■ Try it
The records that follow must be reproduced in full, with every picture excluded.

■ Recorded data
=-=-=
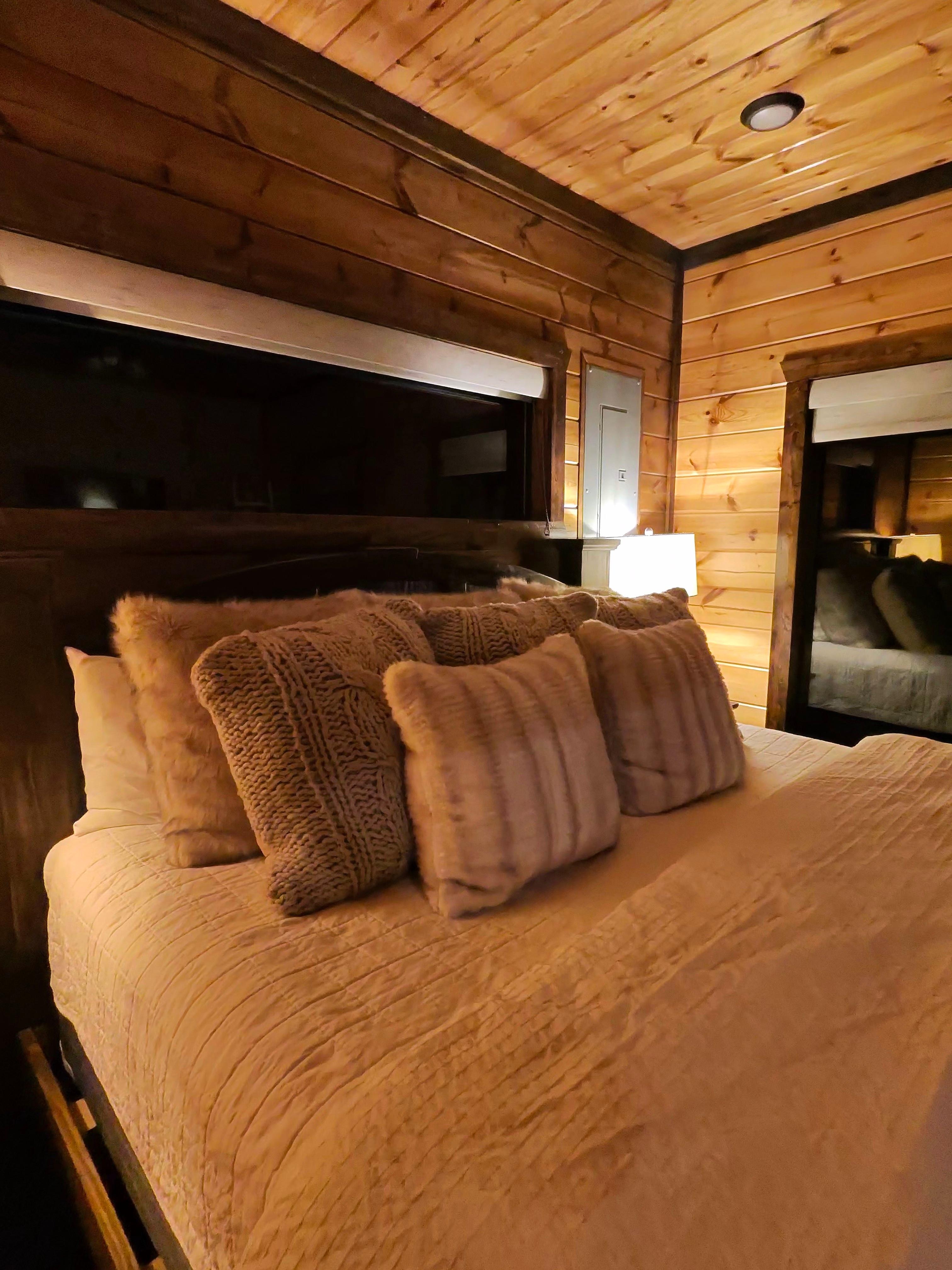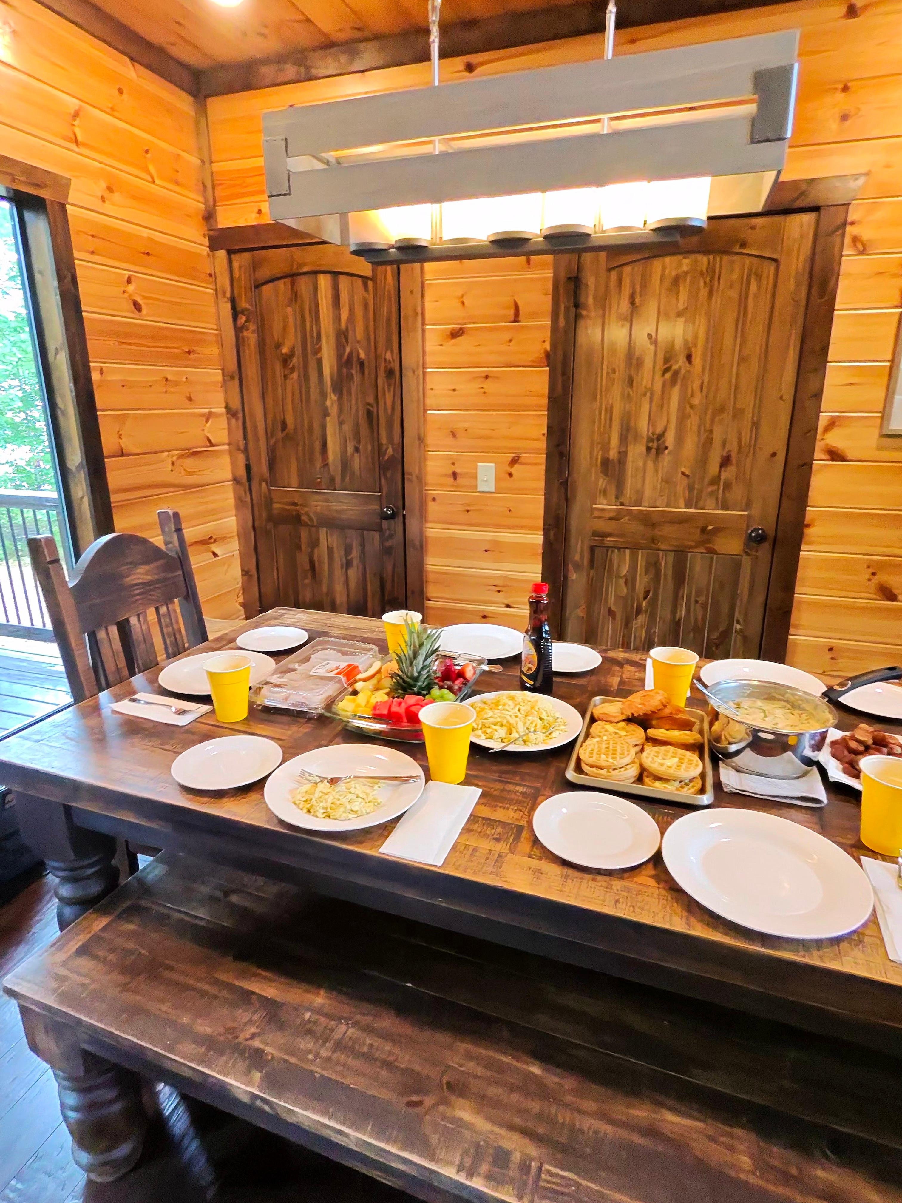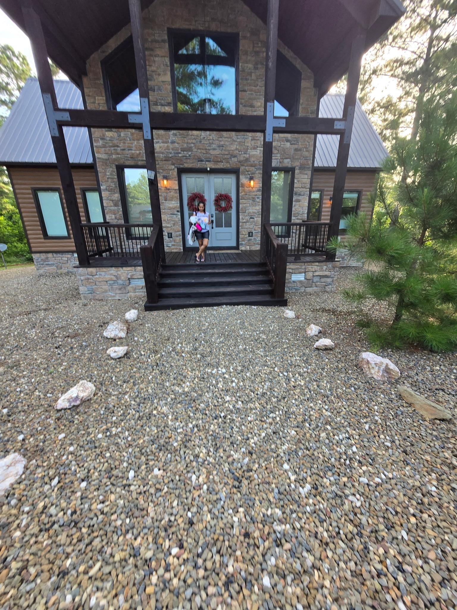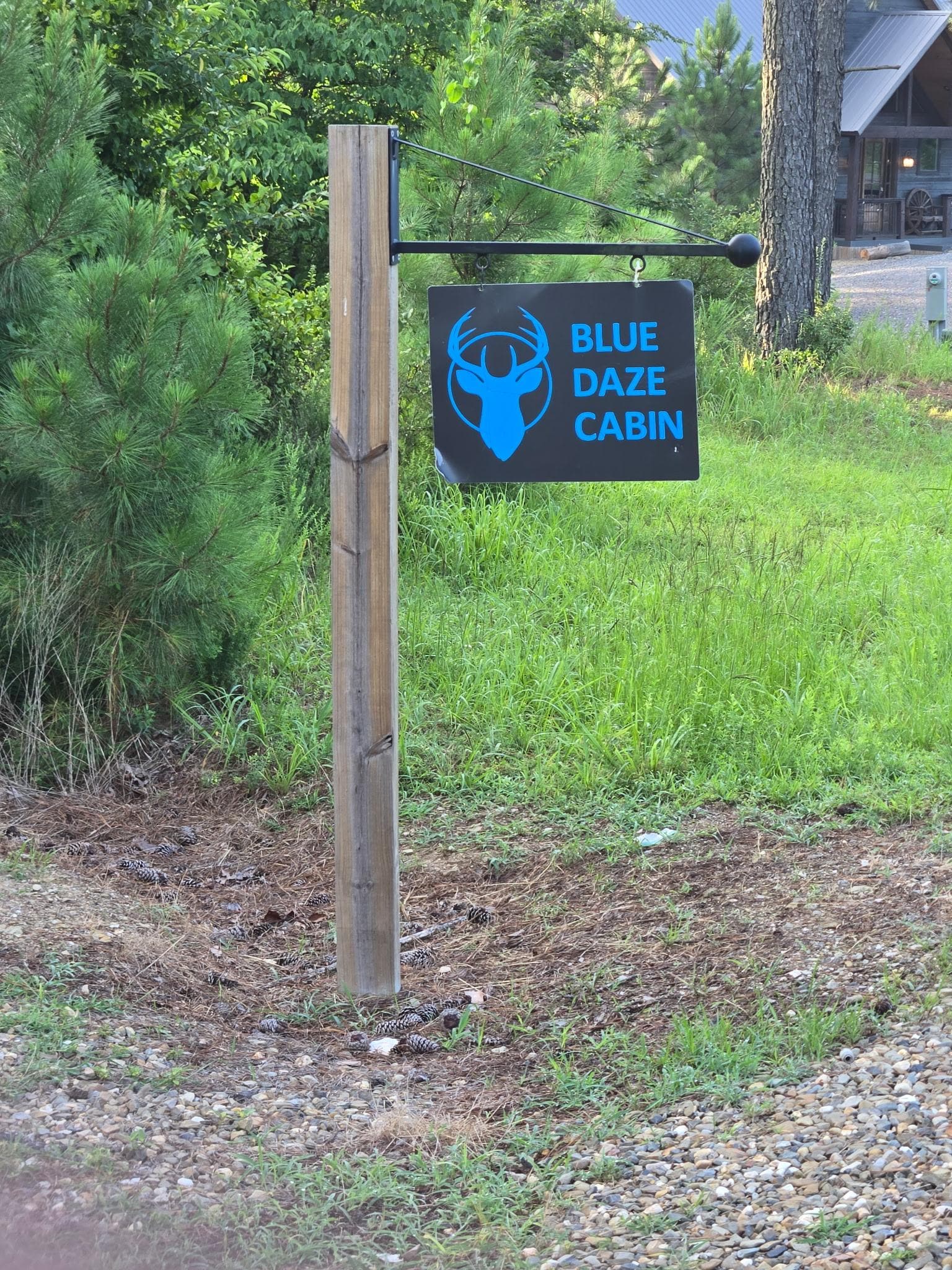 Blue Daze is a beautiful luxury cabin located in the Eagle Mountain area of Broken Bow/ Hochatown, Oklahoma. This cabin offers 4 bedrooms with their own private bathroom (4 bathrooms), large den area with a fireplace, kitchen, patio area with a fireplace and dining table ( max occupancy of 8). Outdoors, the hot tub sits in a covered gazebo for your enjoyment. On the grounds, there are games of corn hole, horseshoes and ladder toss. To round out your evening there is a wood burning fire pit where you can roast hotdogs and marshmallows under the stars.
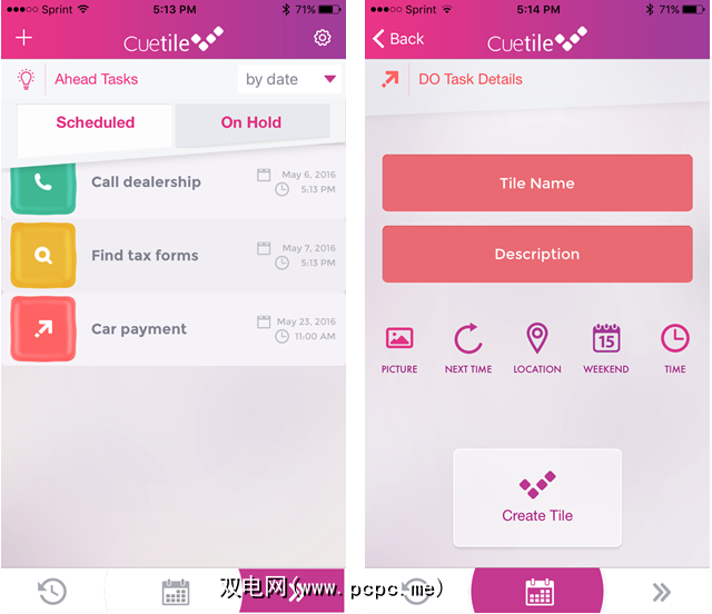 Cuetile是另一个类似于To Round的方便任务列表应用程序。仅适用于iOS,它将待办事项以颜色编码的图块显示在主屏幕上。如果将来要交任务,它将被保留在不同的部分,直到完成任务为止。这样可以使主屏幕保持干净,并显示当前到期的待办事项。
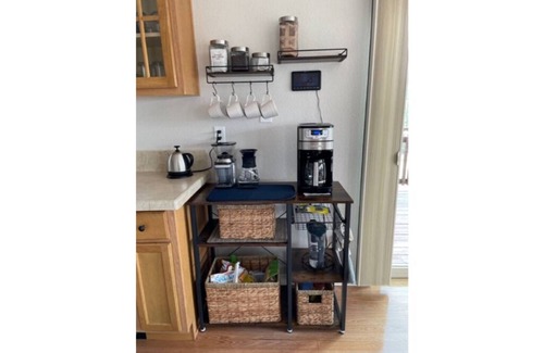The coffee bar includes whole beans, a grinder, pourover, and a traditional drip coffee machine. Hot chocolate and tea are provided as well as instant oatmeal.
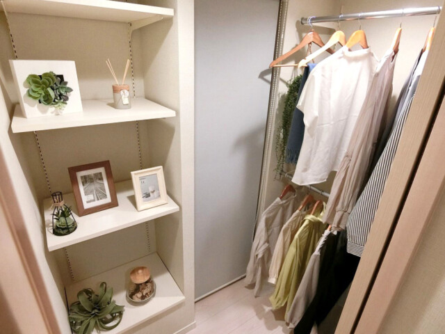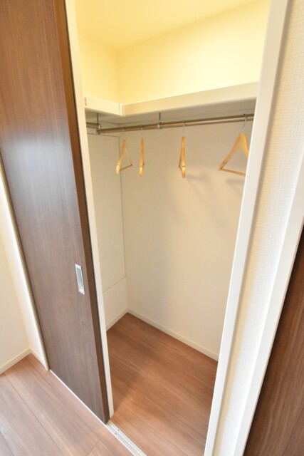 やはり収納でしたね。L字型にハンガーポールが設置されたウォークインクローゼット。約1帖ほどの広さがあり、洋服以外にもキャリーバッグなどの嵩張る物を入れておくことも出来そうです。
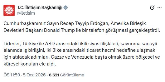 Cumhurbaşkanlığı İletişim Başkanlığı, Erdoğan ile Trump'ın görüşmesiyle ilgili olarak yayımladığı mesajda "Liderler, Türkiye ile ABD arasındaki ikili siyasi ilişkileri, savunma sanayii alanında iş birliğini, iki ülke arasındaki ticaret hacmi hedefine ulaşmak için atılacak adımları, Gazze ve Venezuela başta olmak üzere bölgesel ve küresel konuları ele aldı" ifadelerini kullandı.
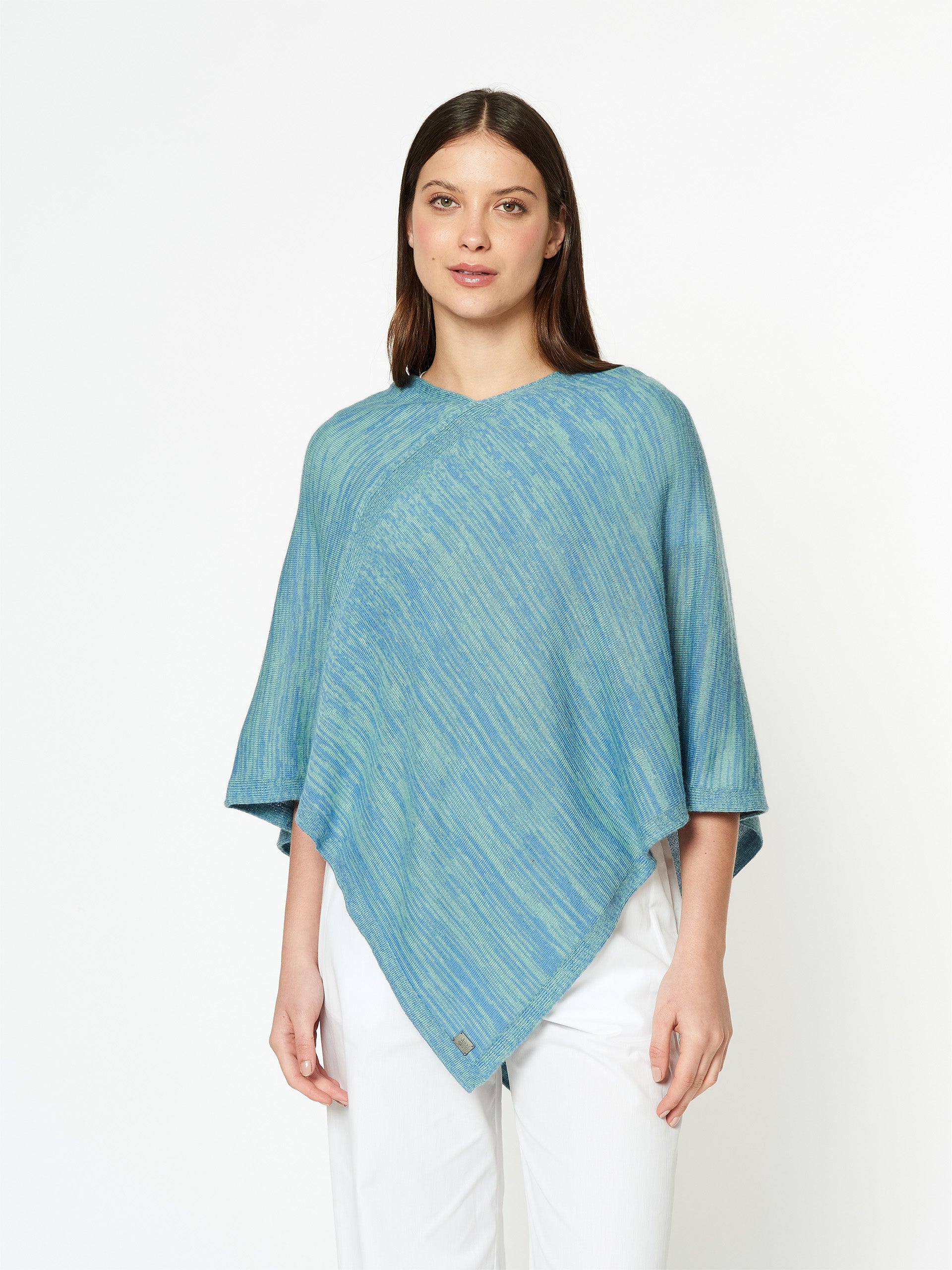 Capa Maglic en tonalidad turquesa y azul, confeccionada en 100% baby alpaca. Presenta un efecto jaspeado en dos colores, que resalta la textura natural de la fibra y aporta un estilo distintivo y elegante. | Material predominante: Baby Alpaca
=-=-=
■ The completed task
 Blue Daze is a beautiful luxury cabin located in the Eagle Mountain area of Broken Bow/ Hochatown, Oklahoma. This cabin offers 4 bedrooms with their own private bathroom (4 bathrooms), large den area with a fireplace, kitchen, patio area with a fireplace and dining table ( max occupancy of 8). Outdoors, the hot tub sits in a covered gazebo for your enjoyment. On the grounds, there are games of corn hole, horseshoes and ladder toss. To round out your evening there is a wood burning fire pit where you can roast hotdogs and marshmallows under the stars.
 Cuetile是另一个类似于To Round的方便任务列表应用程序。仅适用于iOS,它将待办事项以颜色编码的图块显示在主屏幕上。如果将来要交任务,它将被保留在不同的部分,直到完成任务为止。这样可以使主屏幕保持干净,并显示当前到期的待办事项。
The coffee bar includes whole beans, a grinder, pourover, and a traditional drip coffee machine. Hot chocolate and tea are provided as well as instant oatmeal.
 やはり収納でしたね。L字型にハンガーポールが設置されたウォークインクローゼット。約1帖ほどの広さがあり、洋服以外にもキャリーバッグなどの嵩張る物を入れておくことも出来そうです。
 Cumhurbaşkanlığı İletişim Başkanlığı, Erdoğan ile Trump'ın görüşmesiyle ilgili olarak yayımladığı mesajda "Liderler, Türkiye ile ABD arasındaki ikili siyasi ilişkileri, savunma sanayii alanında iş birliğini, iki ülke arasındaki ticaret hacmi hedefine ulaşmak için atılacak adımları, Gazze ve Venezuela başta olmak üzere bölgesel ve küresel konuları ele aldı" ifadelerini kullandı.
 Capa Maglic en tonalidad turquesa y azul, confeccionada en 100% baby alpaca. Presenta un efecto jaspeado en dos colores, que resalta la textura natural de la fibra y aporta un estilo distintivo y elegante. | Material predominante: Baby Alpaca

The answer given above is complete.